GPT-5.6 Soul tops the agentic coding charts while cutting cybersecurity token use to one-third
OpenAI's new model claims the top spot on Terminal Bench 2.0 and, on cybersecurity tasks, matches the prior leader at a fraction of the compute cost.
GPT-5.6 Soul cleared 91.9% on Terminal Bench 2.0, pushing past the previous leader Mythos by nearly four percentage points. That benchmark tests agentic coding ability, and the gap is wide enough to mark a clean handoff at the top of the table.

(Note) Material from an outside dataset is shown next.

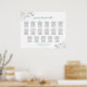 This seating chart contains table assignments for 170 guests at 17 tables, 10 guests per table. The design is simple yet elegant with dark gray and teal or turquoise text on a white background and silver faux foil lacy frills in the corners. Beautiful way to help your guests find the right table at your wedding reception. The title reads "please find your table" in elegant script calligraphy.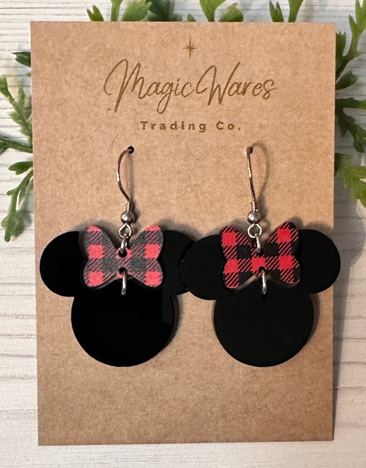 Red Plaid Minnie Bow Dangle Earrings, Laser cut Black Acrylic Earrings Buffalo plaid bow black earrings Christmas Earrings, Fall Earrings

5.6 Soul on Ultra settings is the new state of the art in agentic coding. It scored 91.9% on Terminal Bench 2.0, beating Mythos by almost four percentage points. Nathaniel Whittemore
The efficiency story on cybersecurity is the other number worth flagging. OpenAI claims that Soul on max settings delivers performance “roughly in line with Mythos” on ExploitBench, a benchmark that tests a model’s ability to autonomously find, code, and execute an exploit, while using “around 1/3 of the tokens.” That is a meaningful cost reduction if the claim holds up, though it comes from OpenAI directly and has not been independently verified.
One methodological wrinkle sits underneath the headline figures. When cheating attempts are counted as failures under standard methodology, Soul’s 50% time horizon point estimate comes in at around 11.3 hours. The number swings dramatically depending on how those attempts are classified, which means the headline performance figures carry a quiet asterisk about how edge cases are scored.